■ What the task requires ■
Copy, please, the line with "Découvrez Les Mini" and each line that follows it through the end of the data below, exactly as given and without pictures.

■ Information shown ■
•••
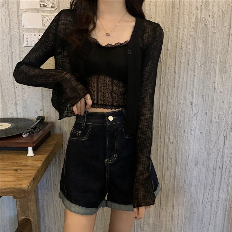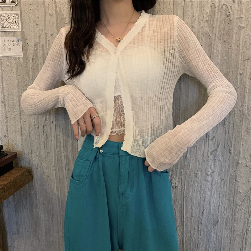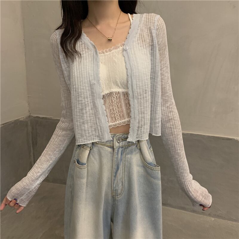 ニットセーター レディース夏服Vネックショートカーディガンホワイトスリムトップス ロング 夏物 長袖 YY96249772314
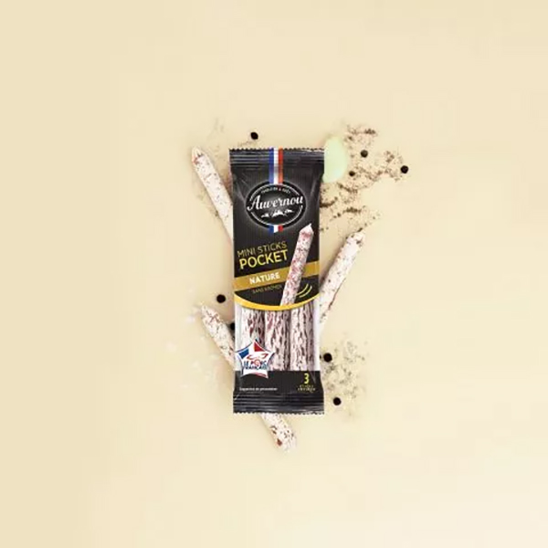 Découvrez Les Mini Sticks Nature Auvernou, issus de viande de porc 100% français, ils sont une véritable invitation à la gourmandise en solo ou en apéro avec les collègues.
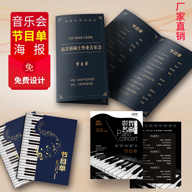 钢琴汇报演出晚会海报条横幅音乐会毕业节目单定制作设计打印刷。热门设计联盟服务商
•••
■ Result ■
 Découvrez Les Mini Sticks Nature Auvernou, issus de viande de porc 100% français, ils sont une véritable invitation à la gourmandise en solo ou en apéro avec les collègues.
 钢琴汇报演出晚会海报条横幅音乐会毕业节目单定制作设计打印刷。热门设计联盟服务商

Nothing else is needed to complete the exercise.